Strategies for Teaching the Spirit of Giving to Kids with Autism Spectrum Disorder

Be a Role Model

The most important thing parents can do to help their kids have the development of a sense of giving and helping others is to be a positive role model. Children learn a wide variety of skills and character traits from their parents simply by watching and observing them.

However, it is important to note that some children may not pick up on the message that you’re trying to send, particularly if they have autism. Despite this challenge, it is still possible to influence them with your behaviors and what they see you doing on a regular basis. If you generally act helpful toward others and you are engaging in helpful behaviors in front of your child, they are more likely to develop these character traits as well.

Incorporate Helping in Your Family Life

Another important tip to instill the spirit of giving and helpfulness in your children is to incorporate the concept of being helpful in your family life.
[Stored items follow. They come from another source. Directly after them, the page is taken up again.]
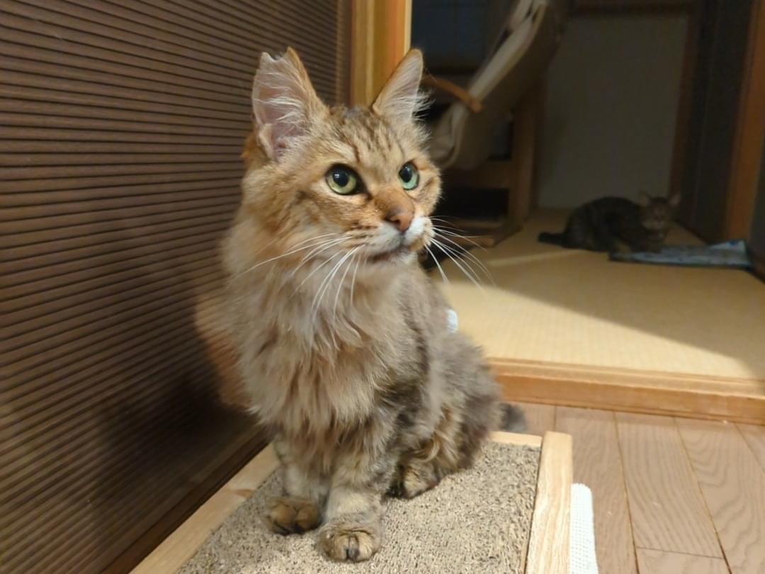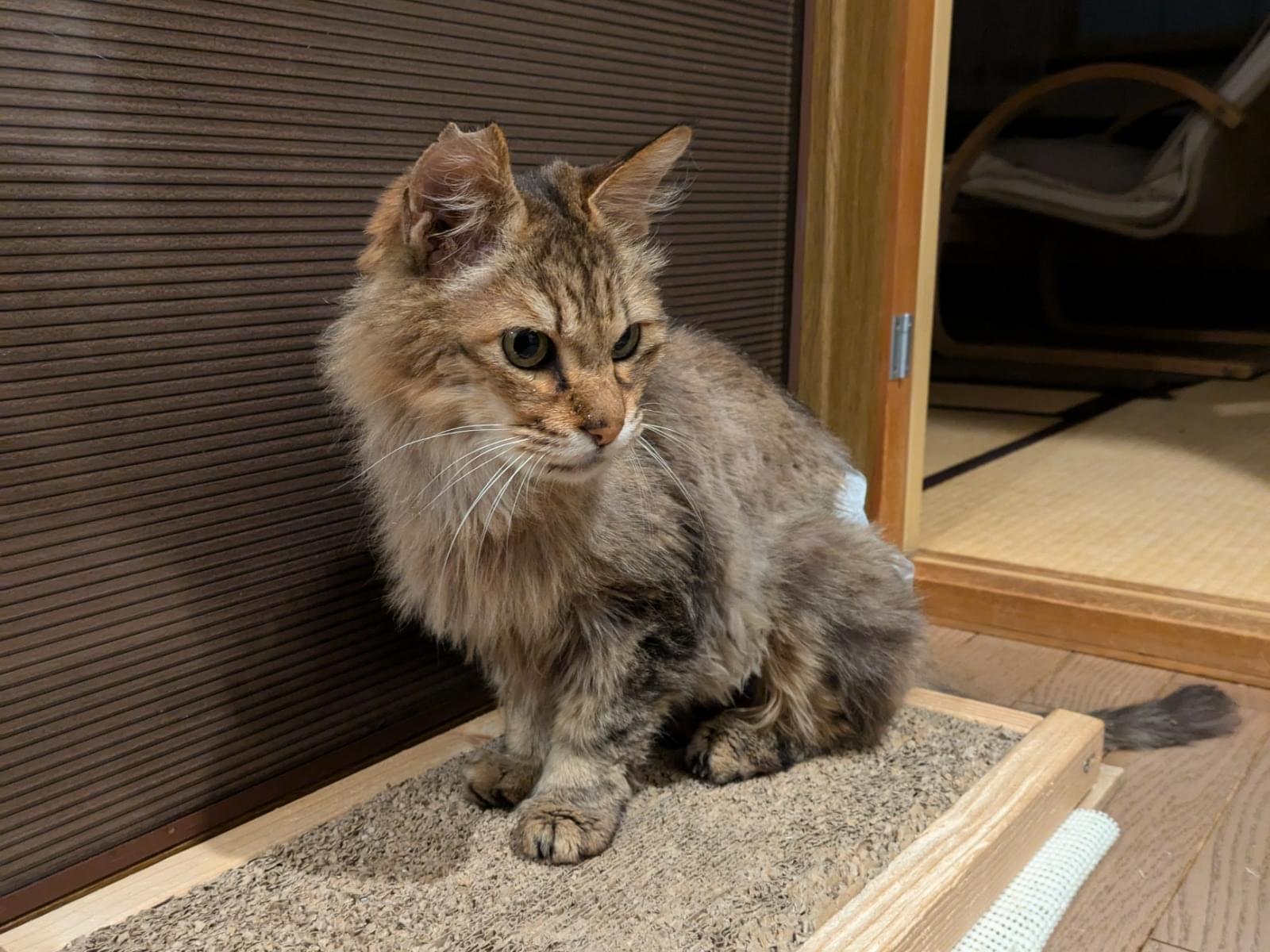 首輪なし。やや長毛。去勢済オス。右耳にカットあり。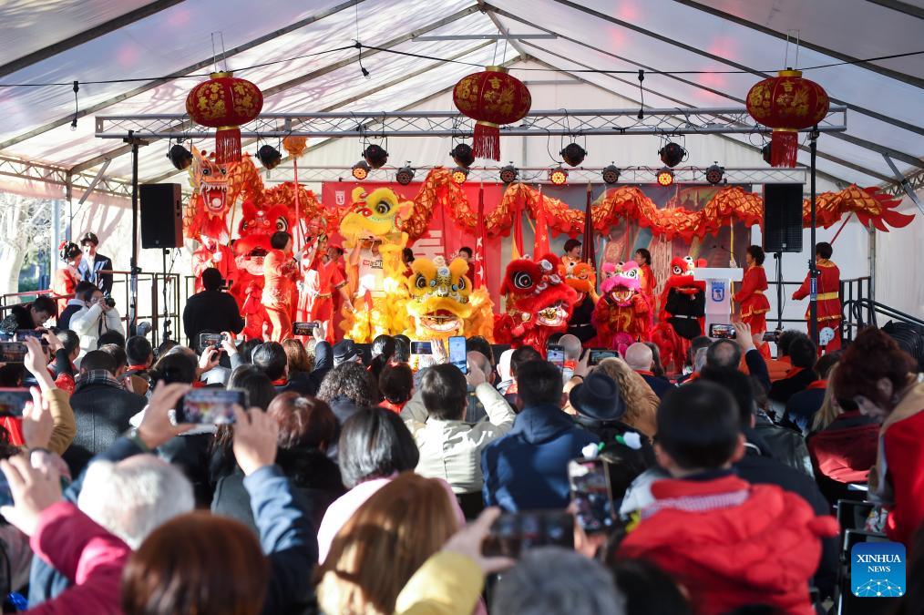 People watch a performance during a celebration of the Chinese New Year in Madrid, Spain, Jan. 31, 2025. (Photo by Gustavo Valiente/Xinhua)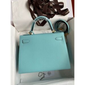 Hermes Kelly Sellier 28 Handmade Bag In Blue Atoll Epsom Calfskin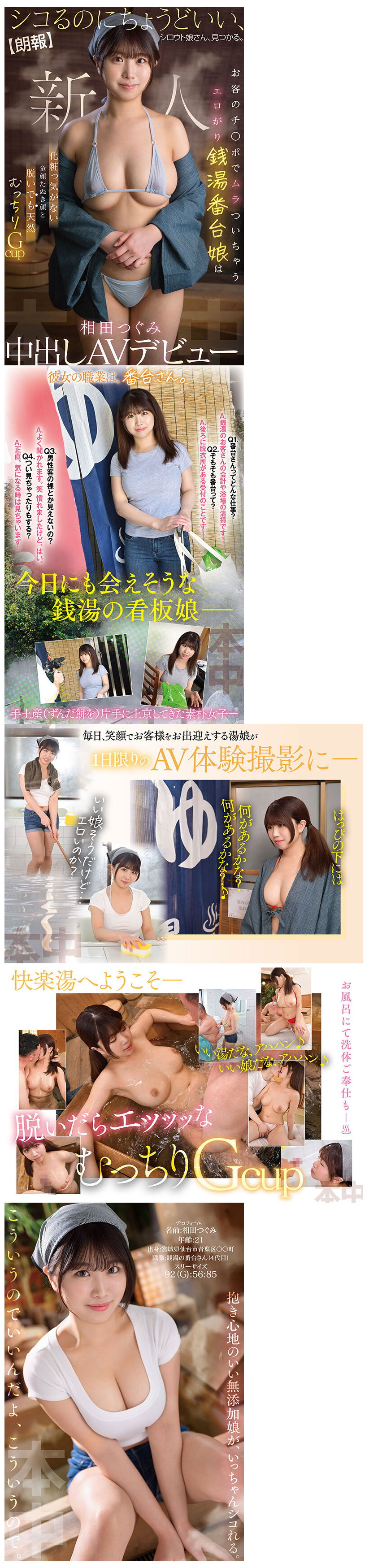 Tsugumi Aida - (Hooray) We Will Find An Amateur Who's Perfect For Fapping To. Slim Sexy Bathhouse Attendant Who Gets Turned On By Customers' Cocks Has a Raccoon-Like Youthful Face That Requires No Makeup and a Plump All-Natural G-Cup Underneath It All. Tsugumi Aida's Nakadashi AV Debut |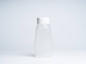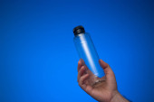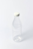 Przezroczysta, pusta plastikowa butelka z czerwonym wieczkiem i białą, pustą etykietą na jasnoniebieskim tle.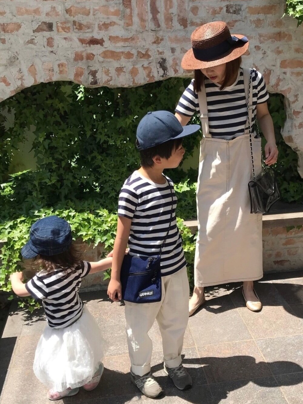 親子スナップ撮ってもらいました。 おとなしかったのに終わったら全然止まってくれず静止画ムリ😑 よって全員バラバラまぁこれはこれでおもしろい☺︎ 初夏がテーマだったのでホワイト多めのマリンコーデ☺︎ 👩👦👧 トップス 無印良品 👦 キャップ champion 👧 キャップ babygap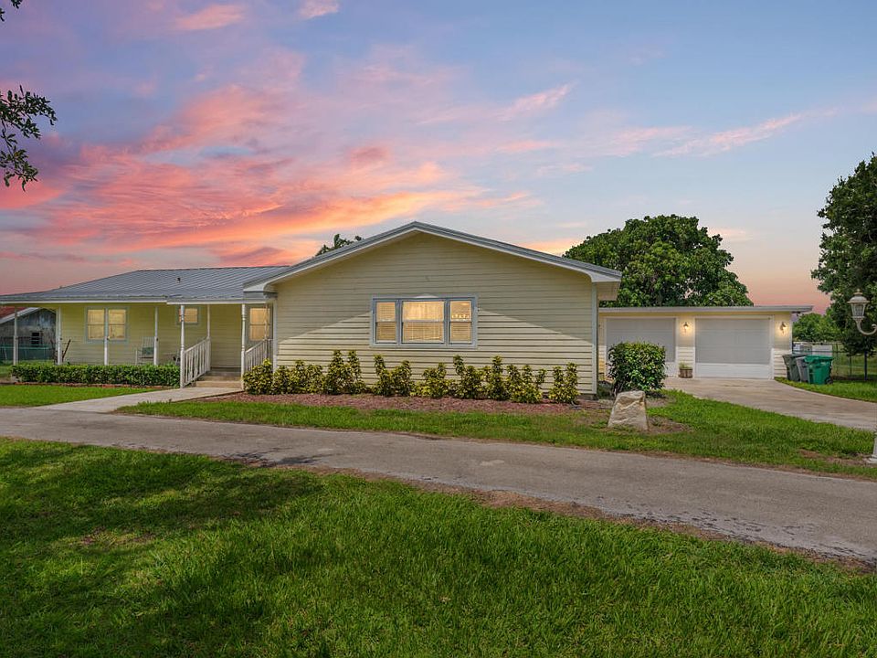 Quaint country living! This adorable ranch style home is positioned on a spacious 1.5 acres. Enjoy the sunrise on your cozy front porch overlooking mature oak trees. Plenty of room in this 2,727 living SqFt home featuring an office, original hardwood flooring, hurricane impact windows, dual fireplaces, renovated kitchen with a TON of cabinet space, the laundry room is a dream, and an incredible back family room w/ fireplace. The Roof was done in 2006, backyard is fully fenced, county taxes only & FPL electric!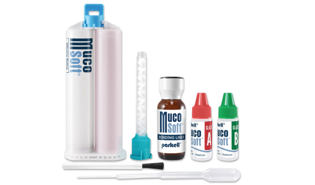 Standard Kit Contains: 1 (50 ml) cartridge of MucoSoft Reline Silicone, 1 (15 ml) bonding liner, 1 (12 ml) glaze, mixing tips, brushes and pipettes

Think about how you and your children interact with one another and how your children interact with each other.

Try focusing on when your kids engage in helpful behaviors and try to encourage them. Discuss why it’s important to help each other and find specific ways your children can help each other and their family.

One example of this is when your children engage in completing household chores. This is helping the family unit. When a younger sibling needs help with their homework, an older sibling might be able to help them with that. If one child is working on a somewhat challenging task, such as cleaning up toys in the living room, another child might pitch in. This is an example of helpful behavior. You could encourage your children to share with each other which is related to the concept of giving as well.

Reinforce Helpful Behavior

When trying to help your children develop a spirit of giving and helpfulness, focus on how you can reinforce these types of behaviors. To do this, be observant and aware of how your kids interact with and think about others.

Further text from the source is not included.